• [WHAT TO DO]
Retype, word for word, every line of the records below starting at the one that contains "Neckline : StraplessShown" and ending at the one that contains "Tras recuperar fuerzas, acometemos"; include both of those lines and nothing more.

• [EXERCISE MATERIAL]
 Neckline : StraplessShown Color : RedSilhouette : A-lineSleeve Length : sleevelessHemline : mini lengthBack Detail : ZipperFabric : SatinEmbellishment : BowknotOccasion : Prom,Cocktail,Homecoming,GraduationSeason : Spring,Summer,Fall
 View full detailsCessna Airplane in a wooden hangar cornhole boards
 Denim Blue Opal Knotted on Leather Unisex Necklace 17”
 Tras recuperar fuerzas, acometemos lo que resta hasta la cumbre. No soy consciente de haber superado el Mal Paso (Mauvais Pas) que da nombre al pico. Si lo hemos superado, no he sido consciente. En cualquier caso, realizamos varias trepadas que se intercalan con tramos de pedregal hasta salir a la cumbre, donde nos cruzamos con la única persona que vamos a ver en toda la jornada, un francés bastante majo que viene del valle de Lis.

--

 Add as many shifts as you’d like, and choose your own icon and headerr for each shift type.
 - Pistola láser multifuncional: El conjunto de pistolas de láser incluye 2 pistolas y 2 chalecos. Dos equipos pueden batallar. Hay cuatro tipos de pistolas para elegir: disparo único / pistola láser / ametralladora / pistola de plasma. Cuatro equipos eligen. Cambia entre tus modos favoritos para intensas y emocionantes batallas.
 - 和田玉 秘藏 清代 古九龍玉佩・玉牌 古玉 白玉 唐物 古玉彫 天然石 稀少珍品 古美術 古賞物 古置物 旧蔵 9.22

==

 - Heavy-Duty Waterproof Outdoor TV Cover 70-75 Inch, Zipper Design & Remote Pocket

• [FINAL ANSWER]
 Neckline : StraplessShown Color : RedSilhouette : A-lineSleeve Length : sleevelessHemline : mini lengthBack Detail : ZipperFabric : SatinEmbellishment : BowknotOccasion : Prom,Cocktail,Homecoming,GraduationSeason : Spring,Summer,Fall
 View full detailsCessna Airplane in a wooden hangar cornhole boards
 Denim Blue Opal Knotted on Leather Unisex Necklace 17”
 Tras recuperar fuerzas, acometemos lo que resta hasta la cumbre. No soy consciente de haber superado el Mal Paso (Mauvais Pas) que da nombre al pico. Si lo hemos superado, no he sido consciente. En cualquier caso, realizamos varias trepadas que se intercalan con tramos de pedregal hasta salir a la cumbre, donde nos cruzamos con la única persona que vamos a ver en toda la jornada, un francés bastante majo que viene del valle de Lis.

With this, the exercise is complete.